The Charlottesville city government has expressed condolences on the deaths of three Virginia residents, who lost their lives as a result of violent clashes between far-right activists and counterprotesters in the city.

 On Saturday, white nationalists organized a rally in Charlottesville, protesting against the removal of a monument to Confederate Gen. Robert E. Lee. The rally subsequently led to clashes and culminated in a car ramming attack, leaving one woman, Heather Heyer, dead and more than 30 injured. In addition, two Virginia State Police troopers — Jay Cullen and Berke Bates — died when their helicopter crashed, as they patrolled near the site of clashes.
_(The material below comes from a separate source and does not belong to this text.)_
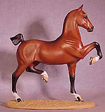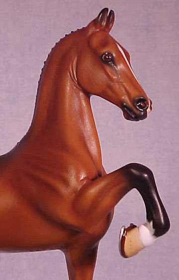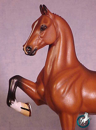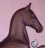 SOPHIA is aproximately 1/9th ("Traditional") scale, and measures: 8" tall and 7-3/4" long. (Base is not detachable and measures 7-1/2" long by 3-1/4" wide.) This edition will be limited to one mold run only. The edition will be painted by Chris Nandell by custom order or on the "Items for Sale" page, as they are completed. Prices will start at $475.00 (In accordance with breed standards, only shades of Bay, Brown, Black and Chestnut will be available.)

“On behalf of the City of Chatlottesville and all of our citizens, we send our deepest condolences to the families and friends of Ms. Heyer, Lieutenant Cullen and Trooper-Pilot Bates. Their loss is a loss for all of us and we mourn with you,” the city authorities said in a statement published on the official Twitter account of the city government.

Terry McAuliffe, the governor of the state of Virginia, declared a state of emergency in Charlottesville.

In a statement, President Donald Trump condemned the violence in Charlottesville, calling the events a “display of hatred, bigotry and violence on many sides.”

Several US senators, including Ted Cruz, Marco Rubio, Tim Scott, Cory Gardner and Michael Bennet, have also condemned Charlottesville violence as an act of “domestic terrorism.”